How Shafts Bend

Dave Tutelman -- January 25, 2014

This is just the beginning of a long article I have in the works on shaft bend. I hope to complete it sometime in 2014. But let's start it with a little-known fact about shaft behavior.

The Question[s]


When I started looking at ShaftLab traces fifteen years ago, a question occurred to me that bothered me for months -- probably a year. It seems a bit too abstract to be interesting when stated straight out: When a flexed golf shaft rotates around its axis, does the bend rotate with it?

But it's really not abstract at all if you are trying to understand how a shaft reacts to a swing. Let's look at a swing and see why it is interesting. Here is a ShaftLab trace for a representative professional swing.

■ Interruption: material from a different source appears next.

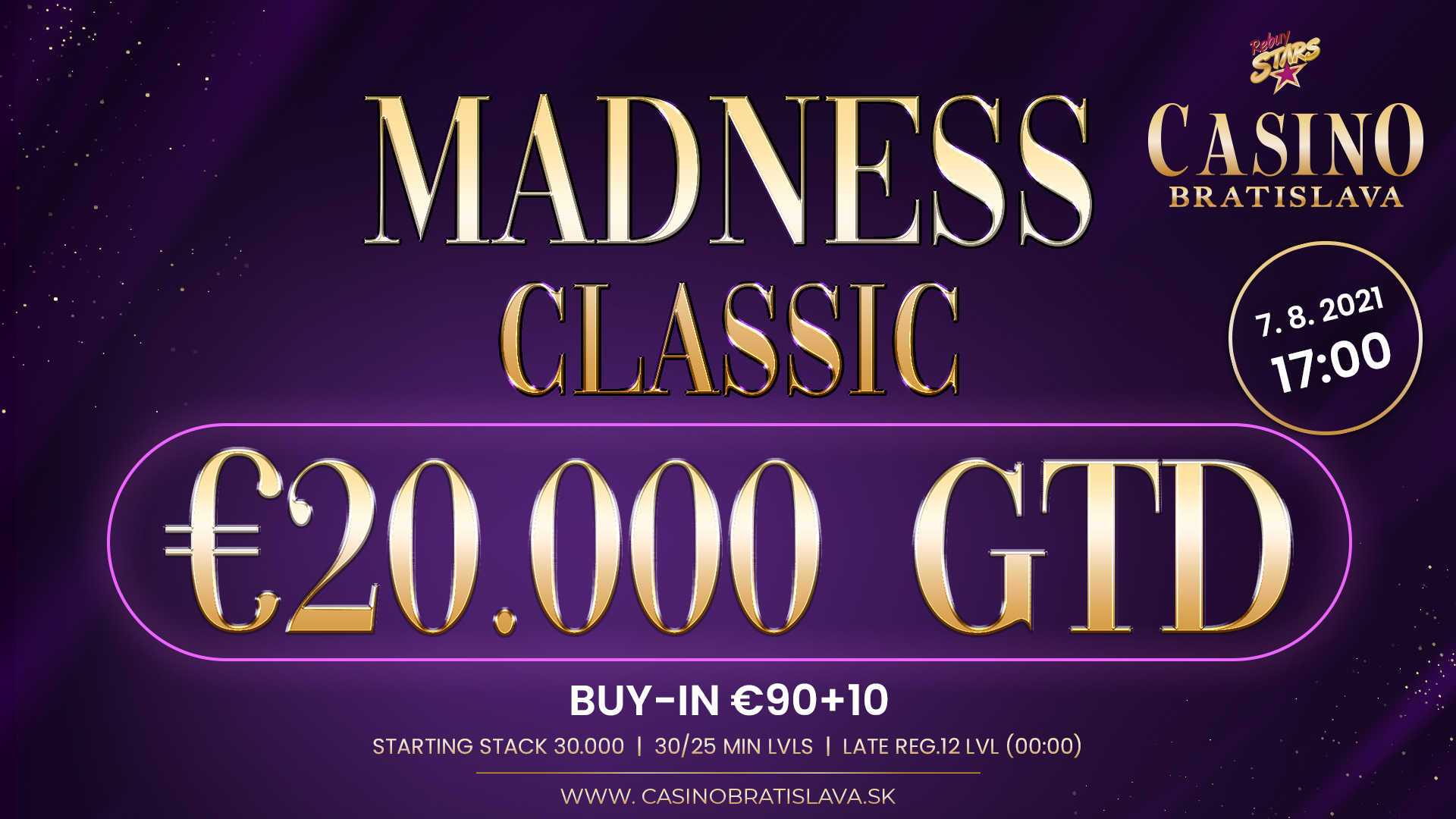Casino Bratislava Rebuy Stars si na léto připravilo pro hráče atraktivní sérii turnajů, ze série Madness Classic. Každou sobotu garance €20.000, ke které připočítáme otevírací turnaj a závěrečný GRAND FINAL, celkem se hraje o šílených €240.000!

The exact shape is a "signature" for the swing, but some features are shared by all good golf swings:
  1. For the first half of the downswing, the shaft exhibits a toe-up bend. I admit I chose this particular swing for purity of the toe-up bend. But all the professional swings I've seen have a large, predominantly toe-up bend for the first half or more of the downswing.
  2. At impact, the shaft is bent toe-down ("D" on the graph).
  3. At impact, the shaft is bent in lead ("C" on the graph).
Other stuff happens between the midpoint of the downswing and impact, but #1, #2, and #3 are all pretty unmistakeable in all decent golf swings.

Now a question: Which bend at impact might be due to rebound from the large toe-up bend: the toe-down bend or the clubhead lead? Most people faced with this question feel that toe-down is the rebound from toe-up. How could lead-lag bend possibly be involved?

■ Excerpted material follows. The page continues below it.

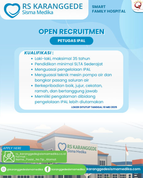 RS Karanggede Sisma Medika membuka kesempatan bergabung sebagai:Petugas IPAL (Instalasi Pengolahan Air Limbah) Kualifikasi:• Laki-laki,…

Before answering the question, allow me to point out that the two highlighted questions above are the same. Remember, the shaft rotates 90 from the top of the backswing to impact. That means while the early toe-up bend was in the swing plane, the toe-down bend at impact is across the swing plane -- and the clubhead lead is in the swing plane. Therefore:
  • If the flex rotates with the shaft, then toe-down bend might be a rebound from toe-up bend.
  • If the flex stays in the same plane no matter how the shaft rotates, then leading bend might be a rebound from toe-up bend.
Note: I have been careful to say "might"! I don't know if either #2 or #3 actually is a rebound effect. That's a question for another day.

The Answer

Sometimes analysis is the way to answer a physics question. When I first thought about the question, I tried thinking analytically. It took a while -- months, in fact, to convince myself. I did come up with the correct answer.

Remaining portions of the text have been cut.